» YOUR INSTRUCTIONS: The reply should be an exact repeat of the listing, with no pictures in it.

» RECORDS FOR THE EXERCISE:
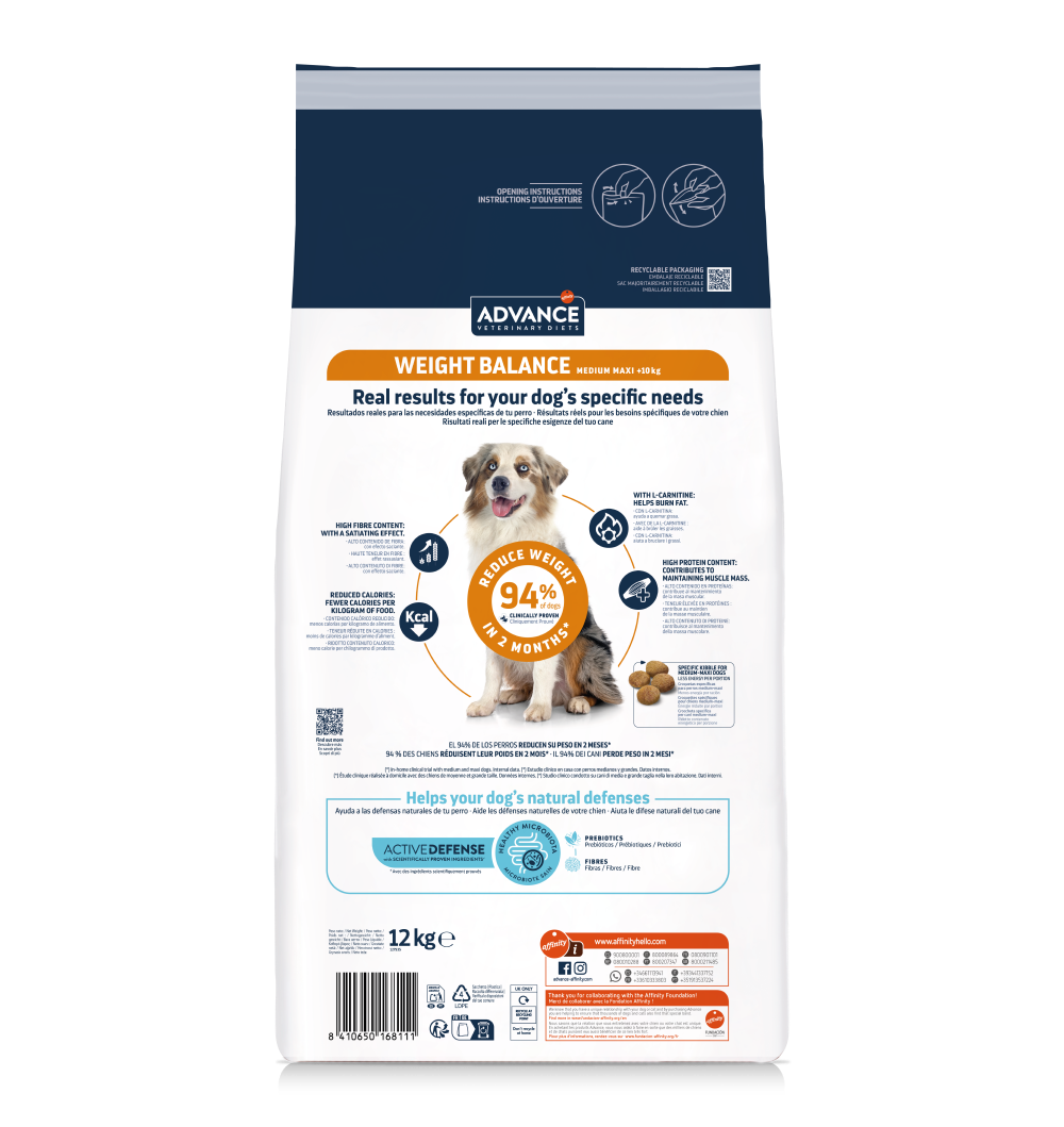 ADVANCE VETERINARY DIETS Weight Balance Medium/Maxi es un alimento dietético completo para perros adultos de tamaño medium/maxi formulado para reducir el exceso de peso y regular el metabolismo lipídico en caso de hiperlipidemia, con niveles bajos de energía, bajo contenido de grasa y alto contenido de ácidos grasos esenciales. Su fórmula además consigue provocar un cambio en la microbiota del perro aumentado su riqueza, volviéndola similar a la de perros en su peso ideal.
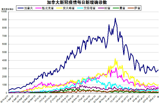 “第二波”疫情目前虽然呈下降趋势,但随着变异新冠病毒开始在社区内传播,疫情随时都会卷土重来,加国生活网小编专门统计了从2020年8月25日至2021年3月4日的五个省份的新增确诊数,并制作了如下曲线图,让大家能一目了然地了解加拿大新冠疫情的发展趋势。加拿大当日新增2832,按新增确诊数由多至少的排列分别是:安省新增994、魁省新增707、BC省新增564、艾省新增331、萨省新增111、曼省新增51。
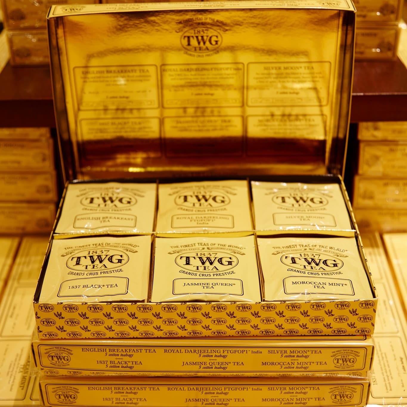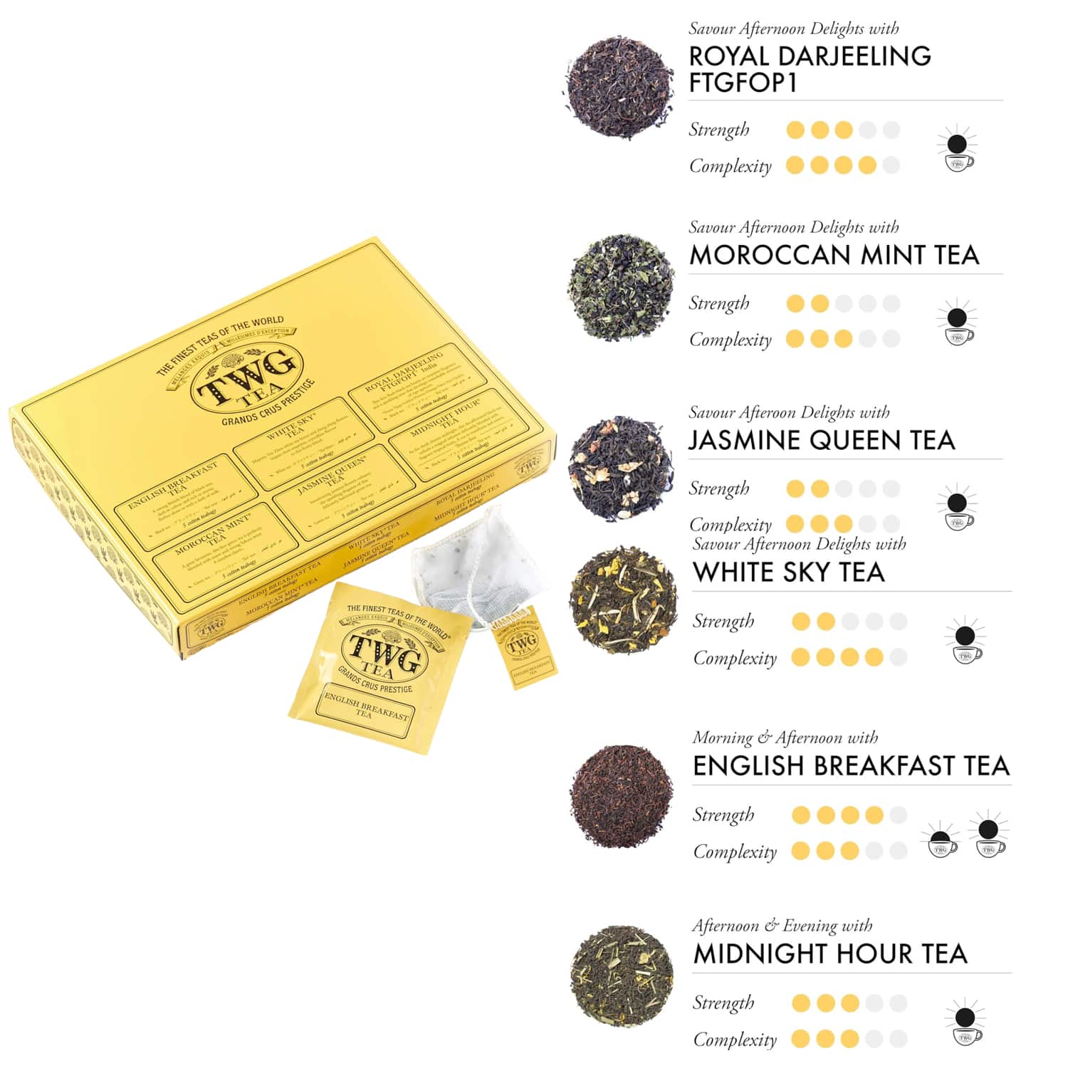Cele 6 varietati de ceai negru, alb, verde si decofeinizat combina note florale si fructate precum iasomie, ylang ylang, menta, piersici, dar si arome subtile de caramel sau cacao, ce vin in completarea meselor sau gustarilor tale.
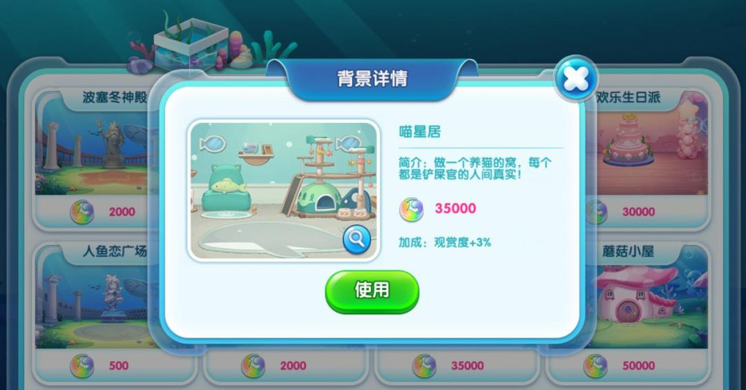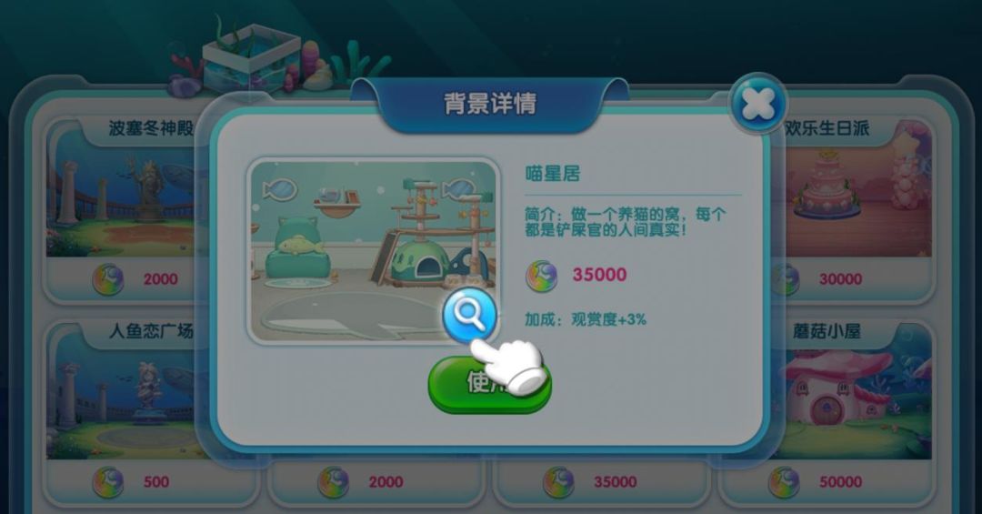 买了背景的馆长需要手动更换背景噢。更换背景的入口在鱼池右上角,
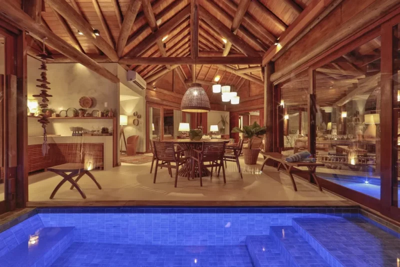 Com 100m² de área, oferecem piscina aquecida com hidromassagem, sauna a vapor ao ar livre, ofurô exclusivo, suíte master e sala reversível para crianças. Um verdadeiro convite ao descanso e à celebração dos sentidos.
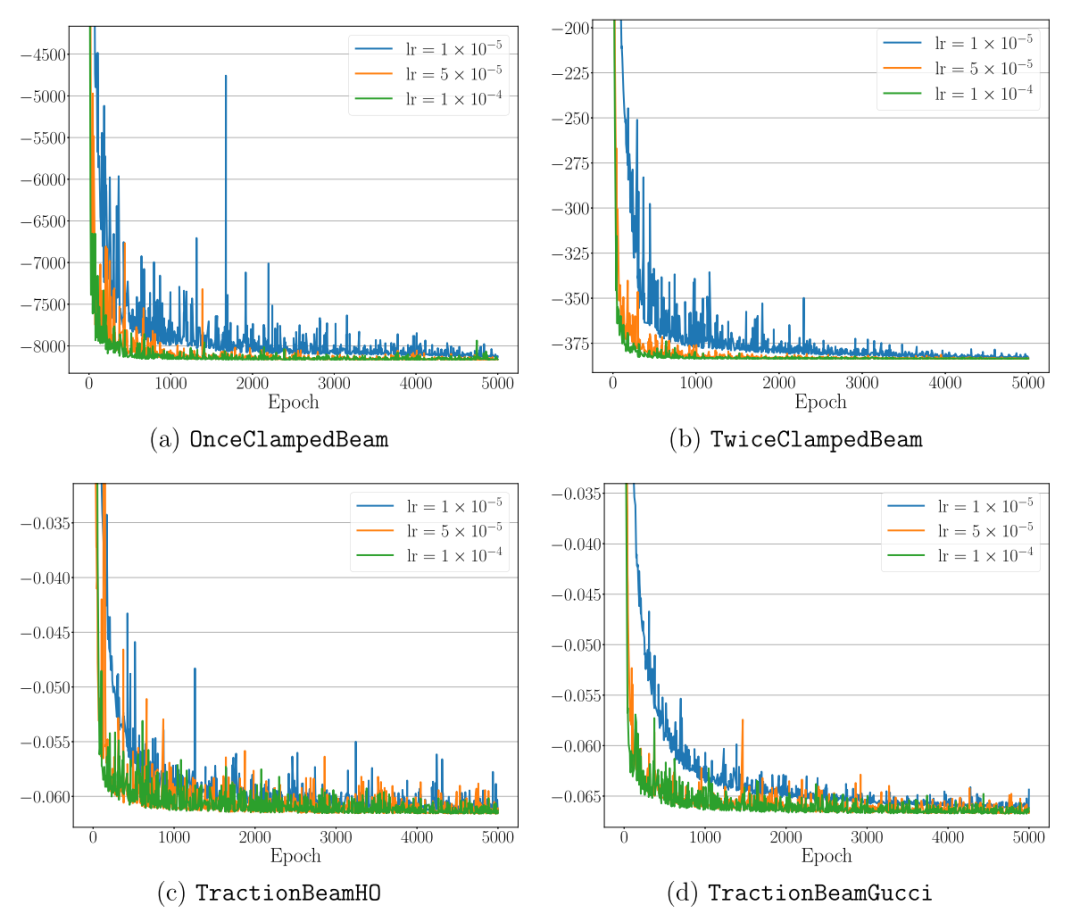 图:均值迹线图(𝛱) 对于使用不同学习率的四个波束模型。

» RESPONSE AREA:
 ADVANCE VETERINARY DIETS Weight Balance Medium/Maxi es un alimento dietético completo para perros adultos de tamaño medium/maxi formulado para reducir el exceso de peso y regular el metabolismo lipídico en caso de hiperlipidemia, con niveles bajos de energía, bajo contenido de grasa y alto contenido de ácidos grasos esenciales. Su fórmula además consigue provocar un cambio en la microbiota del perro aumentado su riqueza, volviéndola similar a la de perros en su peso ideal.
 “第二波”疫情目前虽然呈下降趋势,但随着变异新冠病毒开始在社区内传播,疫情随时都会卷土重来,加国生活网小编专门统计了从2020年8月25日至2021年3月4日的五个省份的新增确诊数,并制作了如下曲线图,让大家能一目了然地了解加拿大新冠疫情的发展趋势。加拿大当日新增2832,按新增确诊数由多至少的排列分别是:安省新增994、魁省新增707、BC省新增564、艾省新增331、萨省新增111、曼省新增51。
Cele 6 varietati de ceai negru, alb, verde si decofeinizat combina note florale si fructate precum iasomie, ylang ylang, menta, piersici, dar si arome subtile de caramel sau cacao, ce vin in completarea meselor sau gustarilor tale.
 买了背景的馆长需要手动更换背景噢。更换背景的入口在鱼池右上角,
 Com 100m² de área, oferecem piscina aquecida com hidromassagem, sauna a vapor ao ar livre, ofurô exclusivo, suíte master e sala reversível para crianças. Um verdadeiro convite ao descanso e à celebração dos sentidos.
 图:均值迹线图(𝛱) 对于使用不同学习率的四个波束模型。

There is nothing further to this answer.